I think you just summarized what we're answering as well. You answered your own question very well. The dividend is really important to us, and we understand the importance of it to our investors. And so yes, we have a lot of capital as we work through this compressed NIM rate environment. But as you said also, we're looking at restructuring or other things we can do with our balance sheet to help provide more visibility and when expanded margin where that wouldn't be such an issue. That is all part of our ongoing discussions that we are currently involved in.

Andrew Terrell, Analyst

Okay. I appreciate it. And then actually, Tani, just one more quickly. I think if I look back at 2023, the charitable contribution line steps up in the second quarter. Should we expect something similar in 2Q of '24?

Tani Girton, Executive Vice President and Chief Financial Officer

Yes, yes. We're very committed to those contributions, and the timing is going to stay the same this year in the second quarter.

Operator, Operator

Wanted to start on noninterest-bearing deposits. I mean they saw a slight increase on the quarter, which was great to see. I mean, were there any seasonal impact to the noninterest-bearing bucket? And are you beginning to see that mix shift flow from here?

Timothy Myers, President and CEO

Yes. I'll begin, and then Tani can add. We didn't observe anything out of the ordinary. There was an outflow of approximately $27 million from noninterest-bearing and some interest-bearing accounts into higher yielding alternative investments. However, we managed to attract a total of $97 million across various types. These fluctuations are expected. I understand that we've mentioned this before, and the situation in the first quarter of last year amplified the concerns, but our noninterest-bearing commercial accounts experience significant ups and downs. I haven't observed any trend that suggests a change.

Tani Girton, Executive Vice President and Chief Financial Officer

Yes. I think we often have outflows in the first quarter, and the efforts that our team has made to make sure that we bring in inflows to compensate for that is really good.

Wood Lay, Analyst

All right. That's good to hear. And then maybe turning over to the loan growth. I think in the release, you cited some new compensation plans where we're helping the pipeline. But just any color you can give on sort of what those new compensation plans are.

Timothy Myers, President and CEO

I would say there are two components to the compensation. One is about how frequently we pay people. We've traditionally done it annually, but as generations change, so do expectations. This is an area where we can influence behavior because people tend to do what they're compensated for. The other aspect is bringing in high-quality producers, which will allow for more upside in the compensation plan. At first glance, this shouldn't increase our costs unless they achieve significantly higher production targets.
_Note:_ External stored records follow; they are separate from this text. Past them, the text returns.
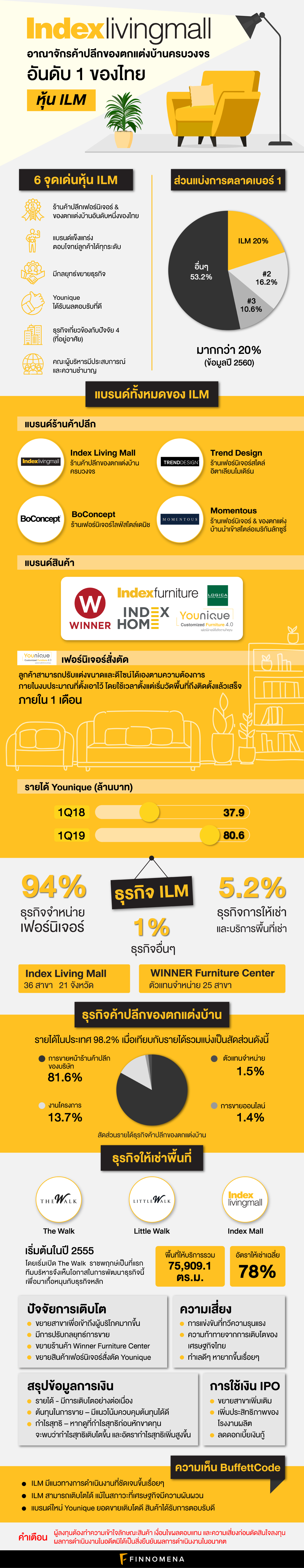 หุ้น ILM หรือ Index Living Mall คือหนึ่งในผู้นำร้านค้าปลีกของตกแต่งบ้านของไทย ด้วยส่วนแบ่งการตลาดมากกว่าร้อยละ 20 (ข้อมูลปี 2560) ธุรกิจของ ILM ครบวงจร ตั้งแต่การผลิตไปจนถึงการขาย ติดตั้ง และงานบริการหลังการขาย
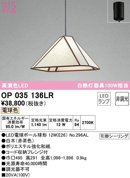 ODELIC ¥ª¡¼¥Ç¥ê¥Ã¥¯ ¥Ú¥ó¥À¥ó¥È¥é¥¤¥È OP035136LR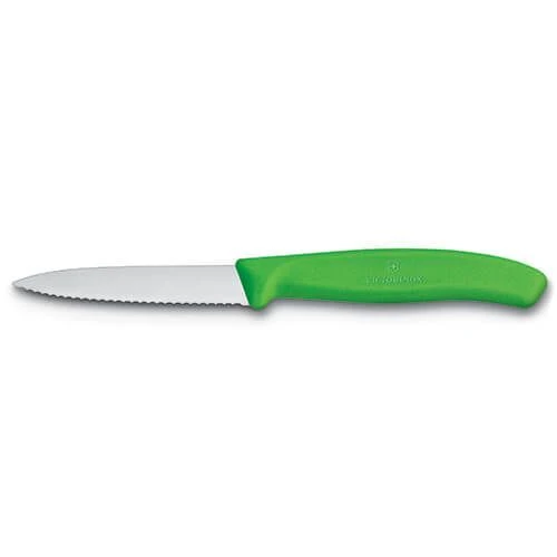 The Classic range includes a long list of knives for all your kitchen needs. range includes a long list of knives for all your kitchen needs.The ultra-sharp serrated blade on the Victorinox Swiss Classic 2x 8cm Paring Knife with Point Serrated Green is is perfect for cutting a wide variety of foods and really is a perfect all-rounder knife.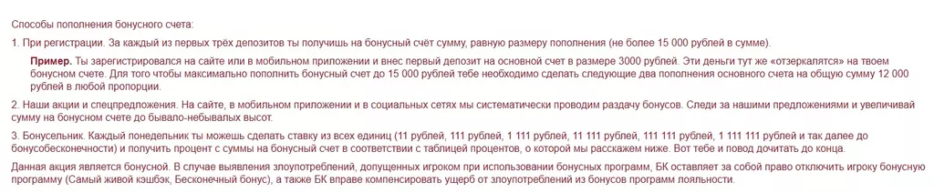 • Несколько источников пополнения бонусного счета: приветственные депозиты, понедельничные ставки, депозиты через СБП, периодические акции.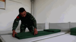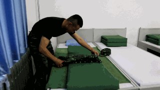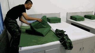 叠被子可是个大工程,不过,对于技术熟练的兵哥哥来说,分分钟叠好一个“豆腐块”。

This new approach was specifically designed to attract the right talent. The first component is intended to drive behavior, while the latter focuses on recruitment. Overall, at this point, I don't expect it will lead to higher costs for us, unless they exceed expectations, and in that case, we'd all be happy about it.

Wood Lay, Analyst

Yes. All right. And then last for me, just another follow-up on the classified movement. Just any additional color you can give on the types of CRE loan that moved into that bucket? Were those in the office portfolio?

Timothy Myers, President and CEO

Yes. Misako, do you want to take that, please?

Misako Stewart, Chief Credit Officer

Sure. Yes, one was office, one was retail in different locations. And both are supported by strong meaningful support by way of the guarantees with liquidity.

Operator, Operator

There are no further questions on the line. I'll now turn the call over to Tim Myers for closing remarks.

Timothy Myers, President and CEO

Yes. It appears we do not have any online questions. I want to thank everyone for your diligence and questions. And if anyone has any further, please, by all means, call Tani or I, and we're happy to further dive into some of these issues. With that, we'll see you next quarter.

Tani Girton, Executive Vice President and Chief Financial Officer

Thank you.

Operator, Operator

The meeting has now concluded. Thank you for joining. You may now disconnect.